Medicated FET #2: June 2017 - cancelled...
Hysteroscopy #2: June 2017
Medicated FET #2: 8/7/2017 transferred 1 embryo 5BB. BFP. Ended in CP.
Medicated FET #3: 10/11/2017 transferred 1 embryo 3AA. BFN
ERA: December 2017 - need an extra 12 hours of PIO
Medicated FET #4: 1/24/2018 transferred 1 embryo 4AA. BFN
Out of embryos. :'(
IVF #2: 03/2018.
Hey. So I thought about that and I had an early ultrasound due to bleeding (around 5wks and 6wks), there was only 1 sac. But the maternal fetal medicine doctor said that my fetal fraction was so low they should have re-drawn me and should have never reported on that.
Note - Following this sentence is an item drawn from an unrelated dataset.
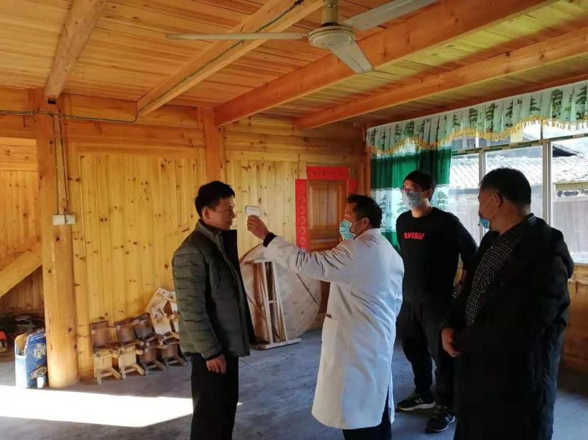 疫情防控,思想统一是前提,措施得力是关键。孙飞同志在学校党委行政和当地党委、政府的悉心指导和大力帮助下,与村支两委同志同心同德同行,以“三个强化”在三联村打出了一套疫情防控“组合拳”。一是强化排查力度。返村至今,孙飞与村脱贫攻坚指挥所、驻村工作队、村医组成的临时小组认真做好疫情监测、排查、预警、防控等工作,严防死守、不留死角,切实做到底数清、情况明、动态清、措施实。期间,共对57名省外务工返乡人员进行了排查,均未发现体温过高等异常情况。二是强化安排部署。1月28日,孙飞同志组织村干召开了三联村应对新型冠状病毒疫情防控部署会,对当前疫情严峻形势进行了通报,并对湖北返乡及密切接触人员隔离,逐一排查1月上旬从省外返乡的务工人员,严禁村民捕捉、交易、食用各类野生动物等问题进行了统一安排。三是强化疫情检测。在做好湖北返乡人员监控的同时,加强入村通道疫情的检测是防止疫情输入的关键。从1月29日起,孙飞与三联村驻村工作队、村支两委、村医、享受村公益性岗位的人员共同组成应急小组,在有条件的3个寨子门口设置关卡轮流值守,对每一个进出本寨的车辆及人员进行排查,对走亲访友的人员进行劝返,严防输入性疫情发生。

It irritates me that they just gave me the results all willy nilly like that. So most likely the blood test is inaccurate. She said we all have some parts in our bodies that can express XY even if we are XX and that can be picked up sometimes. I did the amnio on Tuesday, i hated it but I was also extremely emotional and I was having braxton hicks that were causing extra cramping/tightening. I just talked to the genetic counselor and since i already did the amnio they are going to send it out for SMA testing anyways. At least i'll be able to tell her later in life if she is a carrier or not before she conceives *hopefully.
Thanks to everyone for listening.
Best wishes to anyone also going through all of this very stressful testing.
I've been very careful out in public at stores to avoid seeing a lot of ppl who don't know ha! I am showing pretty good.